During the inspection, LPA requested to review the facility records, which included the facility roster and S1 file. Facility records revealed S1 was supervising one infant (child 1), five preschool age children (child 2, child 3, child 6, child 7, child 8) and three school age children, (child 4, child 5, child 9). Two of the children observed being supervised by S1,(child 10 and child 11) do not count in the ratio as child 10 and child 11 are over the age of 10 and reside in the home. S1 and the Licensee confirmed the number of children in care. This family child care is a large family child care, however since S1 was alone and providing supervision without an assistant, the licensee shall comply with the capacity requirements for a Small family Child Care and can not exceed a capacity of eight children. Based on LPAs record review, observation, and interviews, the family child care was out of capacity and ratio when LPA arrived to the home. Therefore the facility is being cited a type A citation for regulation 102416.5 (e) Staffing Ratio and Capacity. This poses a immediate risk to the children in care. Refer to LIC 809D.

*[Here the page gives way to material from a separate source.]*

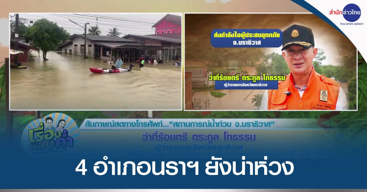 2 พ.ย. – ผู้ว่าฯ นราธิวาส เผยน้ำท่วมหลายพื้นที่เริ่มคลี่คลาย ใกล้เข้าสู่ภาวะปกติ เหลือ 4 อำเภอ ยังน่าห่วง เพราะยังมีน้ำท่วมขังสูง

During the inspection, the Licensee was unable to provide LPA with S1s personnel record. When LPA asked if S1 had pediatric cardiopulmonary resuscitation (CPR) and pediatric first aid training, the Licensee stated S1 did not have CRP/First Aid training. LPA observed S1 alone and providing supervision to the child care children therefore S1 was required to have training in CPR/First aid. A type B citation was issued for regulation, 102416(c) Personnel Requirements, refer to LIC 809D. During the inspection, LPA interviewed S1 regarding how long S1 had worked at the family child care. S1 stated a few weeks. The Licensee confirmed S1 has worked at the family child care for a few weeks. Report continued on page two
SUPERVISORS NAME: Lady King
LICENSING EVALUATOR NAME: Kendal Zirbes
LICENSING EVALUATOR SIGNATURE: DATE: 06/13/2024
I acknowledge receipt of this form and understand my licensing appeal rights as explained and received.
FACILITY REPRESENTATIVE SIGNATURE: DATE: 06/13/2024
This report must be available at Child Care and Group Home facilities for public review for 3 years.

LIC809 (FAS) - (06/04)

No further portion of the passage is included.